Government Power and Extreme Wealth Removal

To enhance a wealth defense strategy, a family needs political support. Wealth of over $40m converts to political power, Collins says, and can be used to protect assets and maintain expansion.

The final phase is a different kind of wealth accumulation, one that Collins calls "hyper extraction" to describe how the wealthy have come to touch nearly every single part of an Americans' routine activities largely through capital management, which allows wealthy individuals to fund private companies.

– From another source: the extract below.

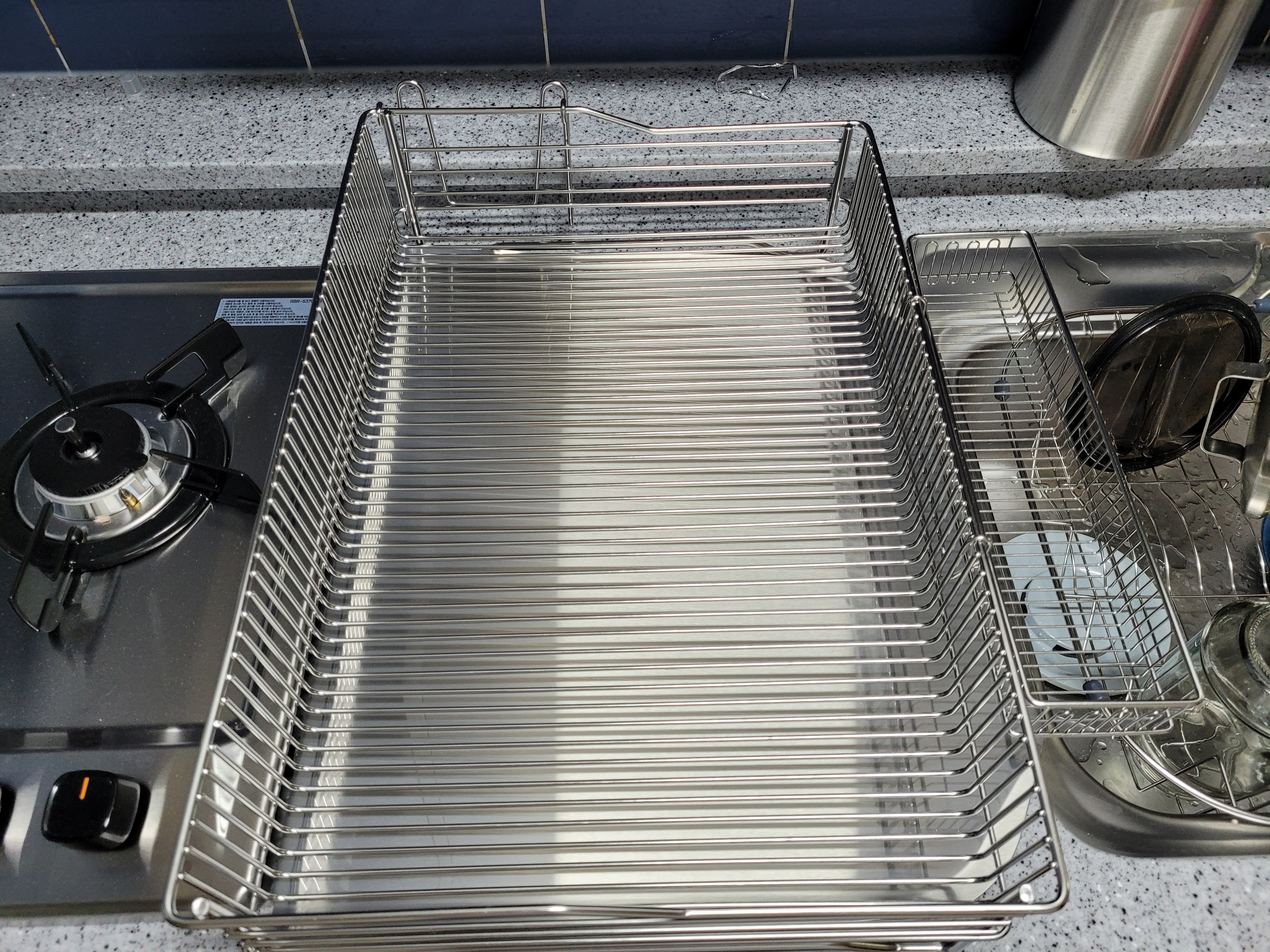 이번에 구매한 자주 식기건조대의 장점은 역시 큰 사이즈이다. 식기건조대의 사이즈가 작을 경우에 식기 몇 개만 씻어도 놔둘 곳이 없어서 상당히 불편하다. 냄비 한개만 씻어도 그릇을 놔둘 공간이 없어져버린다. 마감의 경우에는 저가형과 다르게 손이 베일 것이라고는 생각되지 않는 마감이다. 손으로 직접 만져봤는데 날카롭다고 생각되는 부분은 없었다. 자주 식기건조대의 아쉬운 점이 있다면 바로 물받이가 식기건조대 전체 사이즈보다 작다는 점이다. 식기를 씻고 난 후에 제일 끝자리에 식기를 거치해두게 되면 물이 물받이 밖으로 떨어질 수 있다.

"Private equity is looking for those corners of the economy where they can extract value a little bit harder," Collins said. "One thing I don't think people realize is these billionaire private-equity funds are what happens when so much wealth is accumulated in so few hands, and they can essentially pivot and say, 'Where else can we extract profits out of the economy?' Healthcare? Great. Mobile home parks? These people can't go anywhere, [so] you can boost their expenses."

The Real Consequences

The consequences of this inequality go beyond the wealth getting wealthier. It's about people spending additional funds for their healthcare, rent and vet bills without seeing any meaningful wage increases. And Collins said the pain and frustration of this kind of society can lead to profound dissatisfaction.

"The most powerful affluent rulers understand people are being marginalized [and] are economically suffering," Collins said, adding that right-leaning leaders have been good at tapping into a potent "false common-man appeal".

Policy Situation

The paradox, Collins points out in his book, is that government officials have appointed a string of billionaires to cabinet positions. Along with tech billionaires who had temporary but significant roles overseeing substantial reductions to the federal workforce, other important roles for commerce, treasury, education and the interior are also all billionaires.

This government structure, along with help from political partners, helped pass significant fiscal policies, which will make lasting reductions for the wealthy and corporations.

Potential Changes

While political parties continue to argue that border policies and unfavorable commercial treaties are the source of everyone's economic problems, "the challenge is: Will the other major party, which has also been controlled by the billionaires and big money, be able to seriously confront the underlying harms?" Collins said.

Left-leaning officials, he argues, know what policies are needed to "reverse the updraft of wealth", including deep changes to the tax system, boosting the minimum wage and empowering worker groups.

"It was so, so close, and the legislation really did represent the will of the most of people who really want lawmakers to fix some of these urgent problems," Collins said. "Wealthy influence is not about building so much as preventing. It's easier to block than it is to make something substantial take place, but the institutional knowledge is there. We know what that looks like."

Collins is hopeful that there can be change, but said it would require continuous government action.

"It may be sooner than expected that the balance shifts, and then it really is about sustaining a ongoing grassroots effort to make progress on this extreme inequality we're living in," he said. "We can fix this. It is solvable."

Vincent Owens
Vincent Owens

A passionate football journalist with years of experience covering Serie B and local Italian teams.